═══ Available data
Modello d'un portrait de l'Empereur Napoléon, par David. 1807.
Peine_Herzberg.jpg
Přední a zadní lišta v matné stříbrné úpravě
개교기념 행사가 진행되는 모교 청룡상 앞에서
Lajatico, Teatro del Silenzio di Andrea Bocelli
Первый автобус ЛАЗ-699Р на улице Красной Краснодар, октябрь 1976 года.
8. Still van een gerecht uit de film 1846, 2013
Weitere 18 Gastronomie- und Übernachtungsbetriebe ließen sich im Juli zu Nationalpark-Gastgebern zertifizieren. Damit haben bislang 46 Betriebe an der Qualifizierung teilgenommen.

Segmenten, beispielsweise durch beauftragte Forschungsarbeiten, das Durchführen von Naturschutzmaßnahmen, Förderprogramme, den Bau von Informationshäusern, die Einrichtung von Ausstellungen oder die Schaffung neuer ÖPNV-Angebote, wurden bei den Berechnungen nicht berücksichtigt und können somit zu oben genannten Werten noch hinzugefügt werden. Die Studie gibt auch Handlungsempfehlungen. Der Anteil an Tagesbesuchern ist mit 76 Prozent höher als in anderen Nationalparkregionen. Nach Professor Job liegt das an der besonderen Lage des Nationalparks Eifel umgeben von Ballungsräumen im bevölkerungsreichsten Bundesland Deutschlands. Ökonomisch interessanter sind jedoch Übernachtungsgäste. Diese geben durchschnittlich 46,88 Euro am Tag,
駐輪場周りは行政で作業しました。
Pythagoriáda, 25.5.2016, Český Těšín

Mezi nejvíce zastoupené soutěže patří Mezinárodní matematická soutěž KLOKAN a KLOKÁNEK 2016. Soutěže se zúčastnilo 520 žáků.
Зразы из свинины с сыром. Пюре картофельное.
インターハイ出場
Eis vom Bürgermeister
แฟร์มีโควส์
══════
═══ Available data
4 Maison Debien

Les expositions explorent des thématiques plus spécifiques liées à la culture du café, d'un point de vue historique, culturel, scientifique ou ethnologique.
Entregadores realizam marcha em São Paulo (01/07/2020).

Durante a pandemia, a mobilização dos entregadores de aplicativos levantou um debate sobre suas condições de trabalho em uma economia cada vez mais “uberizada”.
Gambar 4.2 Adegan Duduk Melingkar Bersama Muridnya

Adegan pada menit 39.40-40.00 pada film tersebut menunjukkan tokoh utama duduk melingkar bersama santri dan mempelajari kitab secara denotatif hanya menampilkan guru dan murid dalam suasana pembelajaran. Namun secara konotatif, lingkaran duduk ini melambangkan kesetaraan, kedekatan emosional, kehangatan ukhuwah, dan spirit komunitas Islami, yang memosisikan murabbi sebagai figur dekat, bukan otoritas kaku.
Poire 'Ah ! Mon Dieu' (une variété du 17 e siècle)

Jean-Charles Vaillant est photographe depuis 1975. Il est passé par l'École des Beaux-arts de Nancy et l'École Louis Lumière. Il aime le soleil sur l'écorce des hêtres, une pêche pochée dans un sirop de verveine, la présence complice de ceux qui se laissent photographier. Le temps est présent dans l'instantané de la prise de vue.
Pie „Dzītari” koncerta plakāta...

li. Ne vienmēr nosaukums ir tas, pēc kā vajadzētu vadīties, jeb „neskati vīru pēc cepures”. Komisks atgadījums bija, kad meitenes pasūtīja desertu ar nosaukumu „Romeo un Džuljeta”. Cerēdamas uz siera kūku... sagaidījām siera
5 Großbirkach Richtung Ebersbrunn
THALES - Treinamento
══════
═══ Available data
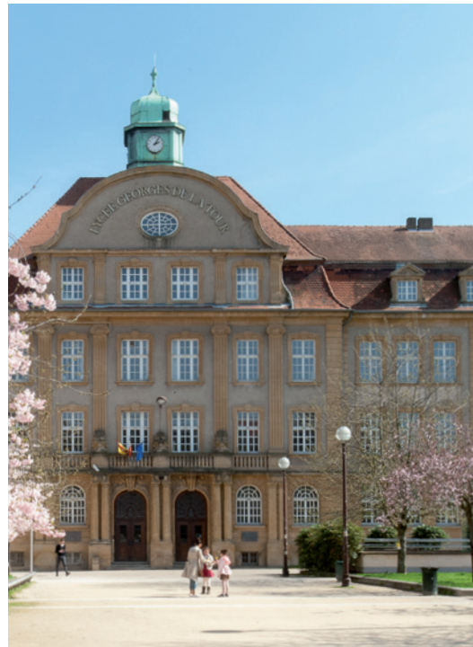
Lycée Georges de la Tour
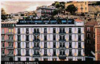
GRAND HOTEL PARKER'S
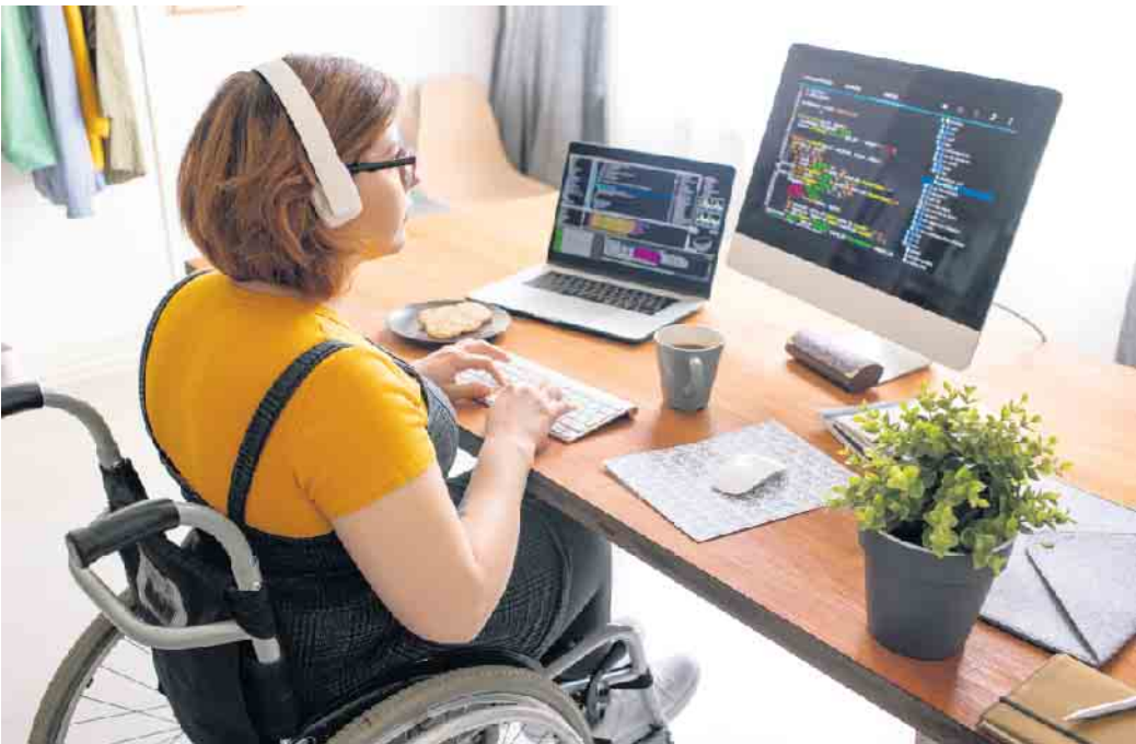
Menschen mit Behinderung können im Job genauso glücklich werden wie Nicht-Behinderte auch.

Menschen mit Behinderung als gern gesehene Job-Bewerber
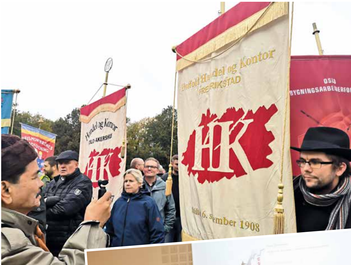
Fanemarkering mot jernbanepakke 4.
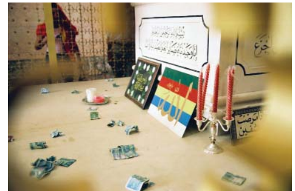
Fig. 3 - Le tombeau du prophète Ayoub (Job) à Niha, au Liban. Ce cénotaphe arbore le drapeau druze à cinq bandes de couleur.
══════
## Required work
Set down precisely the lines above between the line holding "Modello d'un portrait" and the line holding "Weitere 18 Gastronomie- und", inclusive, and nothing beyond them.

## Exercise output
Modello d'un portrait de l'Empereur Napoléon, par David. 1807.
Peine_Herzberg.jpg
Přední a zadní lišta v matné stříbrné úpravě
개교기념 행사가 진행되는 모교 청룡상 앞에서
Lajatico, Teatro del Silenzio di Andrea Bocelli
Первый автобус ЛАЗ-699Р на улице Красной Краснодар, октябрь 1976 года.
8. Still van een gerecht uit de film 1846, 2013
Weitere 18 Gastronomie- und Übernachtungsbetriebe ließen sich im Juli zu Nationalpark-Gastgebern zertifizieren. Damit haben bislang 46 Betriebe an der Qualifizierung teilgenommen.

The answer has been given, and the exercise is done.